The beam 2 emitted from the laser oscillator 1 is incident on the fiber array 9 and transmitted through each optical fiber 9a. The beam 2a emitted from the fiber array 9 whose shape is defined by the fixed frame 10b on the output side of the fiber array 9 has approximately the same shape as the hole in the fixed frame 10b when viewed as a light source. This beam 2a having a certain shape becomes a beam 4 that is focused by a beam focusing system 3, and is irradiated onto a workpiece 5, whereby a desired shape is processed by one beam irradiation. Also, the beam 2 emitted from the laser oscillator is used without fail. Furthermore, the shape of the beam 2a can be changed by replacing the fixed frame 10b or changing the hole shape by external pressure, and it is possible to process the beam 2a into an arbitrary shape.

Example 2. Although only one fiber array was used in this example, multiple fiber arrays whose shapes had been defined in advance using fixed frames of various shapes were lined up, and a beam splitter was used to select the fiber array with the desired shape and direct the beam only to that shape. It is also possible to transmit. Furthermore, by arranging the mask described in the example of the prior art on the incident side or output side of the fiber array, it is possible to process a shape that is synthesized by the hole shape of the fixed frame and the hole shape of the mask.

[0011]

[Effects of the Invention] As described above, according to the present invention, an arbitrary shape can be processed with one irradiation, so the processing time is short, the beam is used efficiently, and the laser processing method is free from damage caused by the beam. Obtainable.

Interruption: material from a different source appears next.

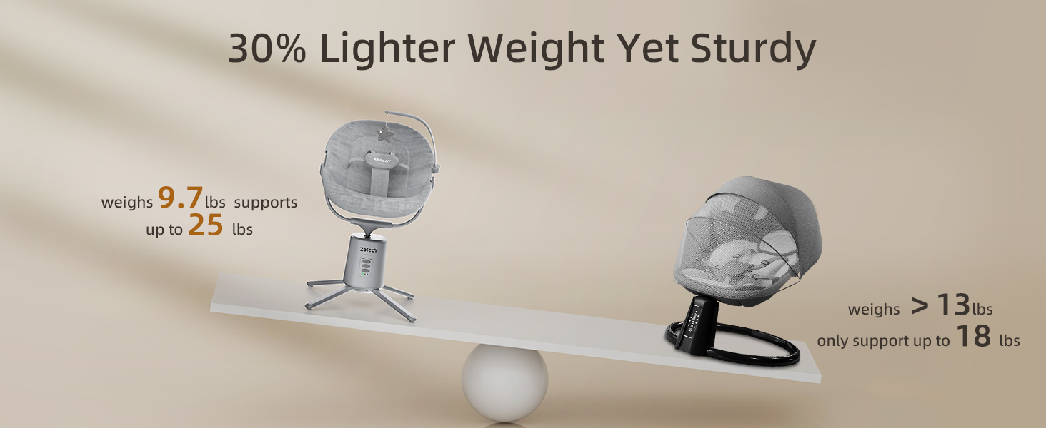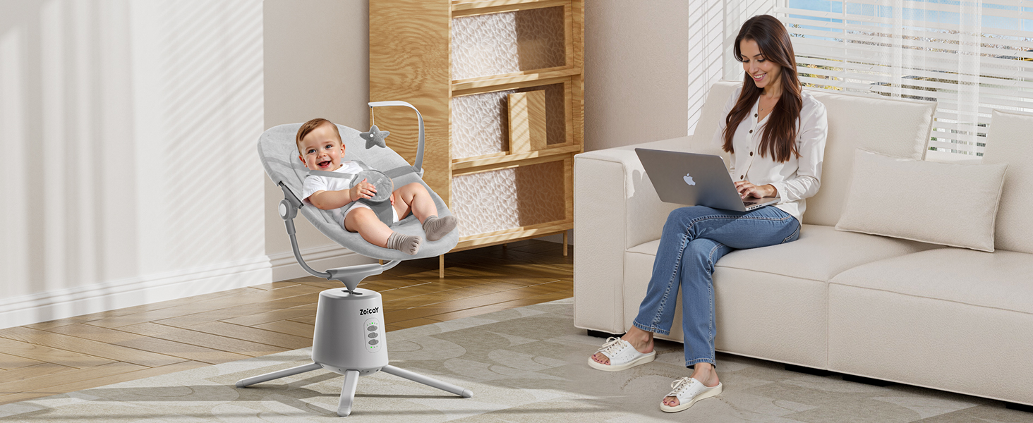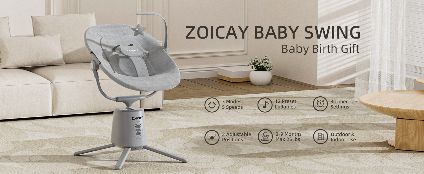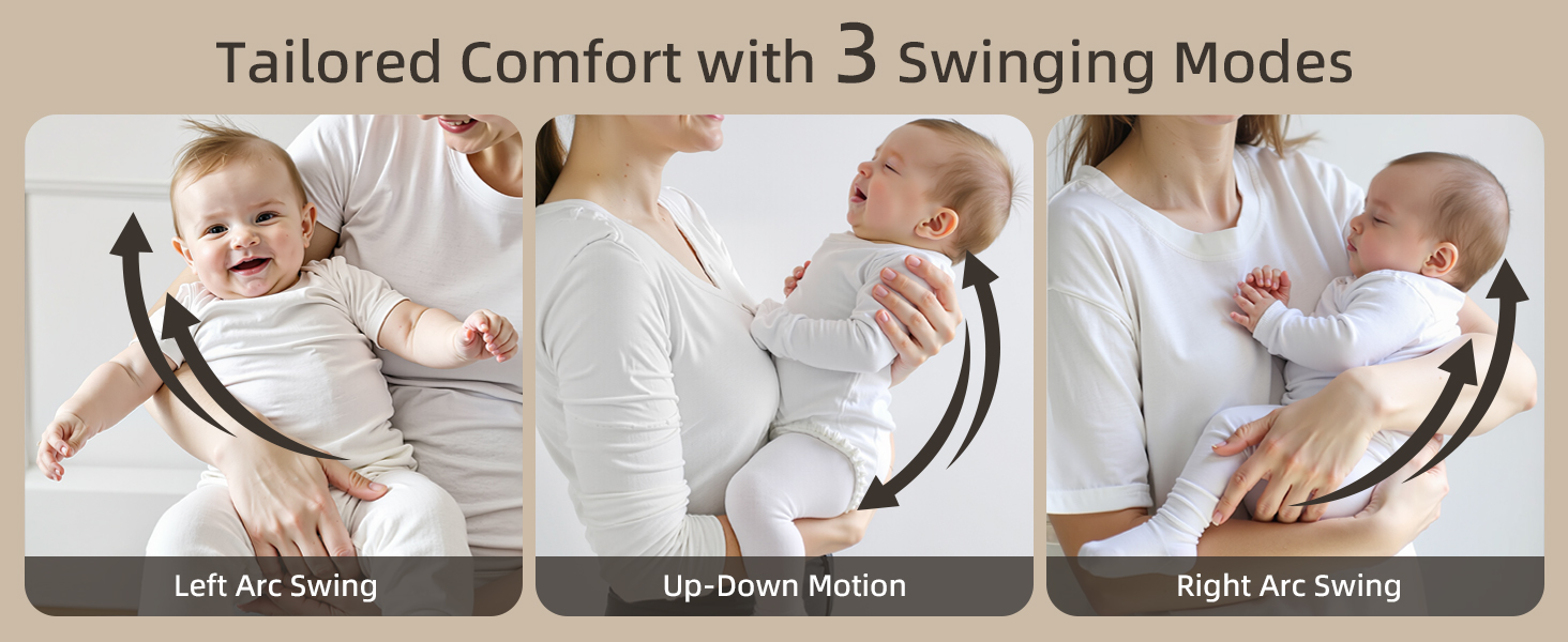 - MOST COMMONLY USED 3 MODES - The Zoicay baby swing features three soothing motions: Left Arc Swing, Right Arc Swing and Gentle Up-Down Motion, designed to mimic a moms' embrace and the patented motor ensures swing smooth and steadily.

[Brief explanation of drawings]

FIG. 1 is a conceptual diagram showing a laser processing method according to an embodiment of the present invention.

FIG. 2 is a diagram showing an output side fixed frame 10b shown in this embodiment.

FIG. 3 is a diagram showing a scanning laser processing method according to the prior art.

FIG. 4 is a diagram showing a mask-based laser processing method according to the prior art.

[Explanation of symbols]

1 Laser oscillator 2 Laser beam 3 Beam focusing system 4 Focused beam 5 Work material 6 Processing table 7 Mask 8 Beam after passing 9 Fiber array 10a, 10b Fixed frame

Claims (1)

[Claims] 1. A laser processing method for processing a workpiece with a laser beam, using a fiber array in which a plurality of optical fibers are bundled.